### Your task
Go through the data below and return each line where the string "para" occurs.

### Working data

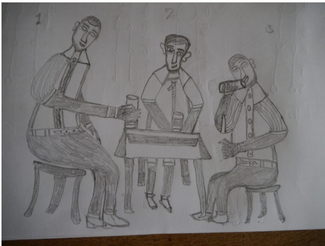
Et av Mawiyas første bilder som illustrasjon til en historie. Her er det mye bra, og litt å rette opp i.

skap som vi kan male! Jeg liker veldig godt å tegne, men jeg fikk ikke mulighet til å gjøre det som barn. Nå er jeg så glad og føler meg privilegert over å være en del av dette verkstedet. Fra nå skal jeg tegne og tegne og tegne. Jeg vil produsere flere historier og lage gode illustrasjoner for samfunnet vårt. Takk for prosjektet!
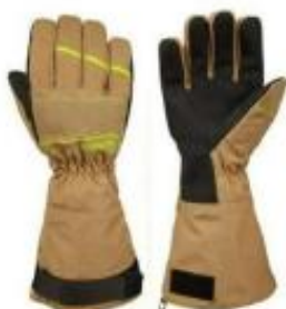
Diamond Long Beige
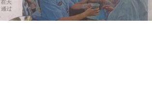
图 3-3 征求意见稿第二次报纸公示截图
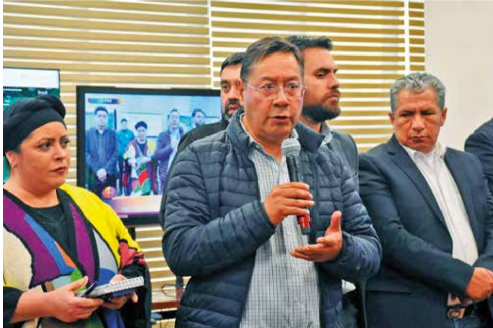
El presidente Luis Arce explica el operativo para abastecer de diésel, ayer.

La autoridad invitó a los dirigentes de los diferentes sectores del transporte a sumarse a la delegación gubernamental para constatar in situ la descarga de combustibles.
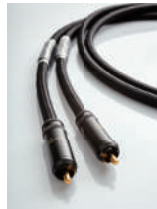
Photo : TRINITY RCA

JORMA TRINITYはエントリーモデルの価格ながら、最高峰JORMA STATEMENTの純血種としてオーディオケーブルの新しい境地を開拓しました。そして、ご使用されるエレクトロニクス機器の潜在能力を最大限に具現化してくれます。無垢、透明、躍動。それは、ヨルマ・トリニティー！

### Your response
El presidente Luis Arce explica el operativo para abastecer de diésel, ayer.
La autoridad invitó a los dirigentes de los diferentes sectores del transporte a sumarse a la delegación gubernamental para constatar in situ la descarga de combustibles.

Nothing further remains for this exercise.